Probably not related exactly to this package but similar. The library was present in sbt and everything looked ok. But I still was unable to build the project so I went to my $HOME/.ivy2/cache located the dependency directory and deleted it, then went back the $PROJECT_HOME/ and executed sbt build

Compilation errors with spark cassandra connector and SBT

I'm trying to get the DataStax spark cassandra connector working. I've created a new SBT project in IntelliJ, and added a single class. The class and my sbt file is given below. Creating spark contexts seem to work, however, the moment I uncomment the line where I try to create a cassandraTable, I get the following compilation error:
Error:scalac: bad symbolic reference. A signature in CassandraRow.class refers to term catalyst
in package org.apache.spark.sql which is not available.
It may be completely missing from the current classpath, or the version on
the classpath might be incompatible with the version used when compiling CassandraRow.class.
Sbt is kind of new to me, and I would appreciate any help in understanding what this error means (and of course, how to resolve it).
name := "cassySpark1"
version := "1.0"
scalaVersion := "2.10.4"
libraryDependencies += "org.apache.spark" % "spark-core_2.10" % "1.1.0"
libraryDependencies += "com.datastax.spark" % "spark-cassandra-connector" % "1.1.0" withSources() withJavadoc()
libraryDependencies += "com.datastax.spark" %% "spark-cassandra-connector-java" % "1.1.0-alpha2" withSources() withJavadoc()

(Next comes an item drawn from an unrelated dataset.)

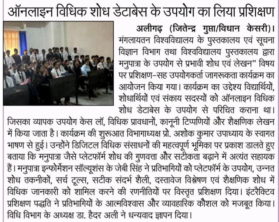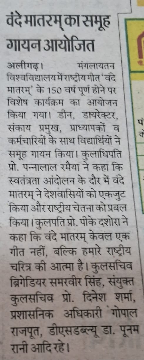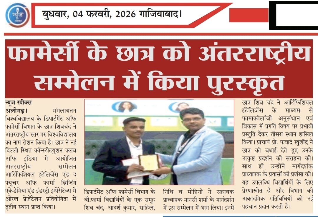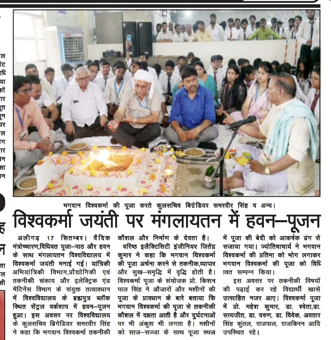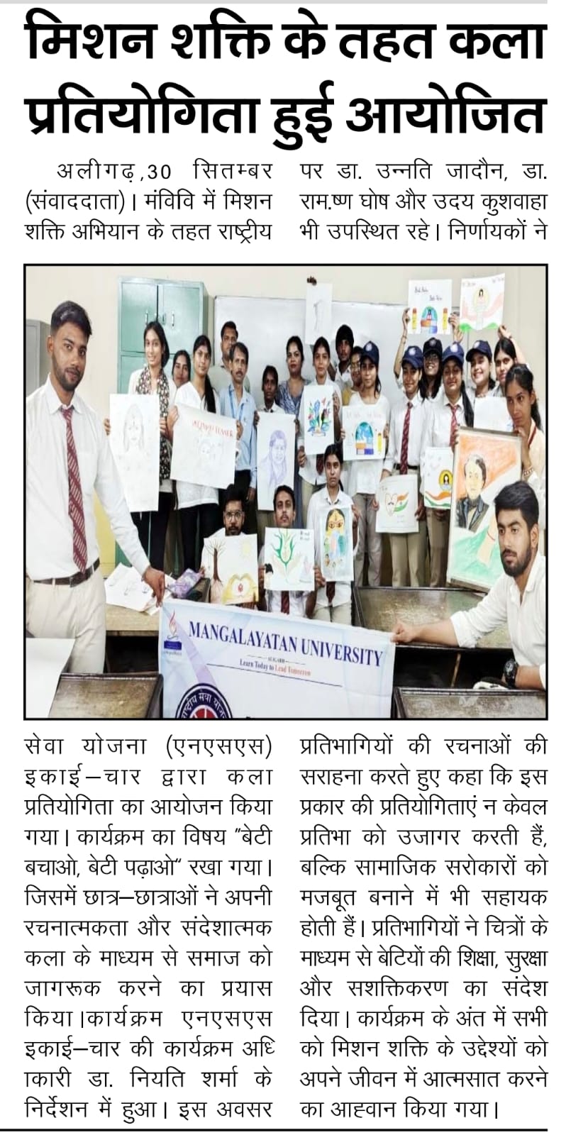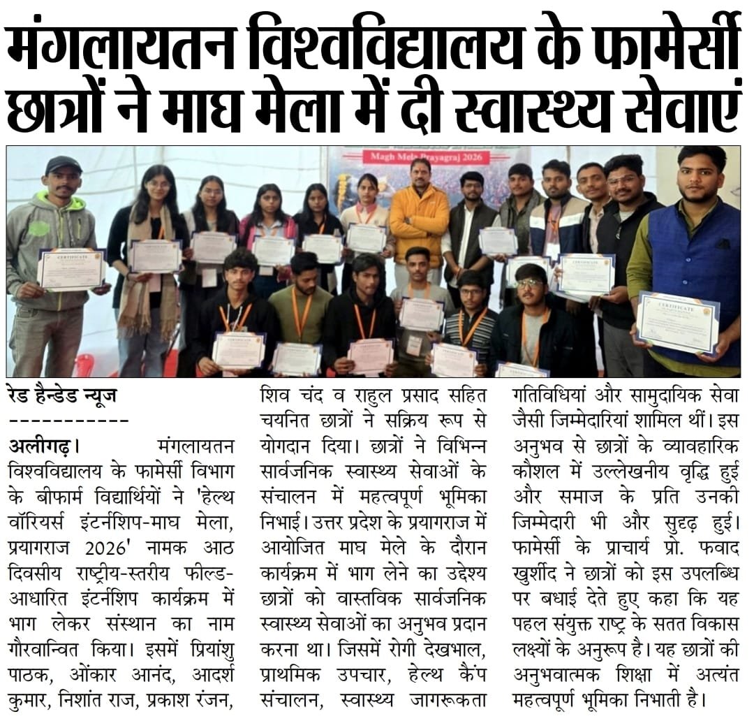 Mangalayatan University garnered significant attention in media with a feature highlighting departmental programs, community initiatives and activities. The article praised the university's commitment to academic excellence and its role in empowering academic units and their students through various skill development workshops and internships. Notably, the piece discussed the institution's efforts in promoting sustainable practices on campus, including eco-friendly initiatives that resonate with the university's mission to foster responsible citizens.This press clipping not only reflects the university's achievements but also its dedication to creating a vibrant learning environment, positioning Mangalayatan University as a cornerstone of educational development in the region. The coverage has sparked interest among prospective students and parents alike.
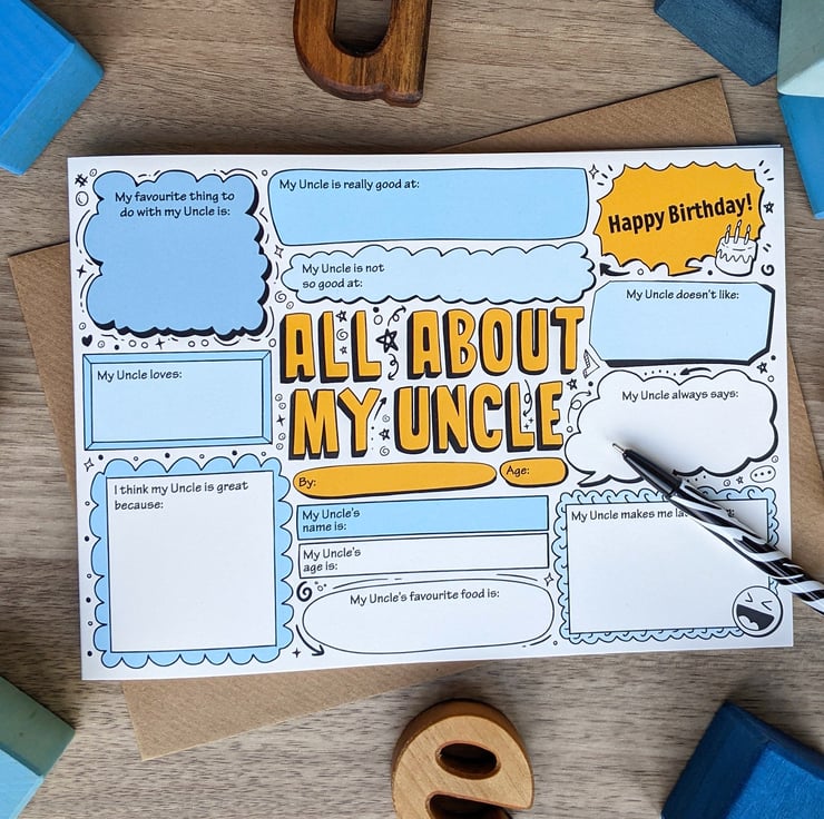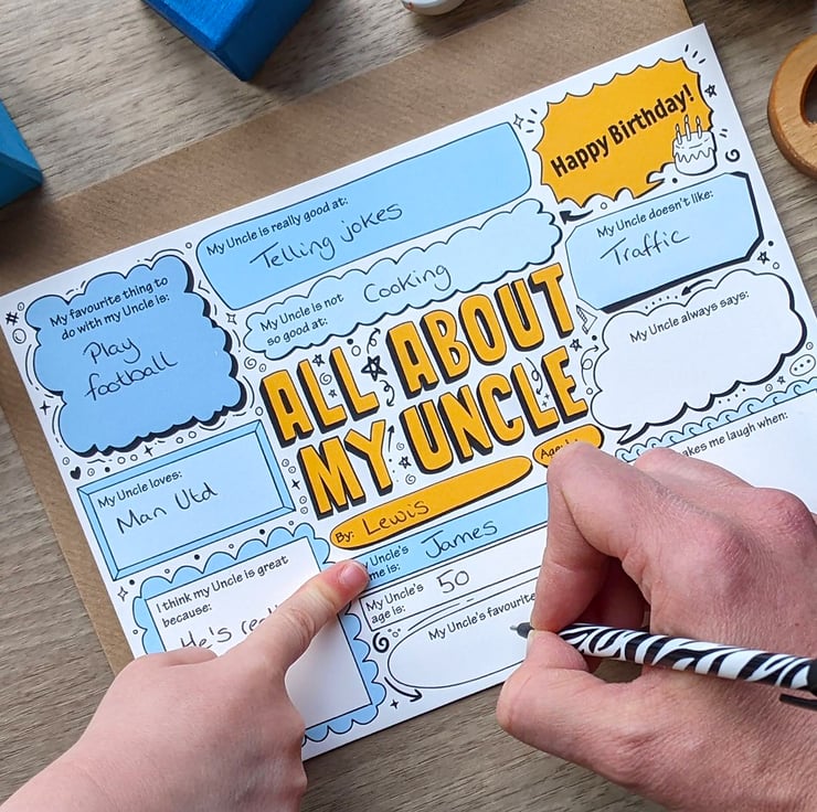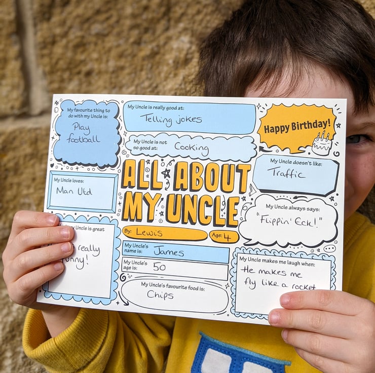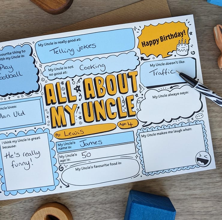 Find out all about a super Uncle from a child's perspective with our fill in the blanks Q&A birthday card!

resolvers += "Akka Repository" at "http://repo.akka.io/releases/"
And my class:
import org.apache.spark.{SparkConf, SparkContext}
import com.datastax.spark.connector._
object HelloWorld { def main(args:Array[String]): Unit ={
System.setProperty("spark.cassandra.query.retry.count", "1")
val conf = new SparkConf(true)
.set("spark.cassandra.connection.host", "cassandra-hostname")

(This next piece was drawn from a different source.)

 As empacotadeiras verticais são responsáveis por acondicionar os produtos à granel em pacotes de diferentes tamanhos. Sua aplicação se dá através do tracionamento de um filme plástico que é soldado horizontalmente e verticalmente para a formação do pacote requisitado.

.set("spark.cassandra.username", "cassandra")
.set("spark.cassandra.password", "cassandra")
val sc = new SparkContext("local", "testingCassy", conf)
> //val foo = sc.cassandraTable("keyspace name", "table name")
val rdd = sc.parallelize(1 to 100)
val sum = rdd.reduce(_+_)
println(sum) } }
You need to add spark-sql to dependencies list
libraryDependencies += "org.apache.spark" %% "spark-sql" % "1.1.0"
Add library dependency in your project's pom.xml file. It seems they have changed the Vector.class dependencies location in the new refactoring.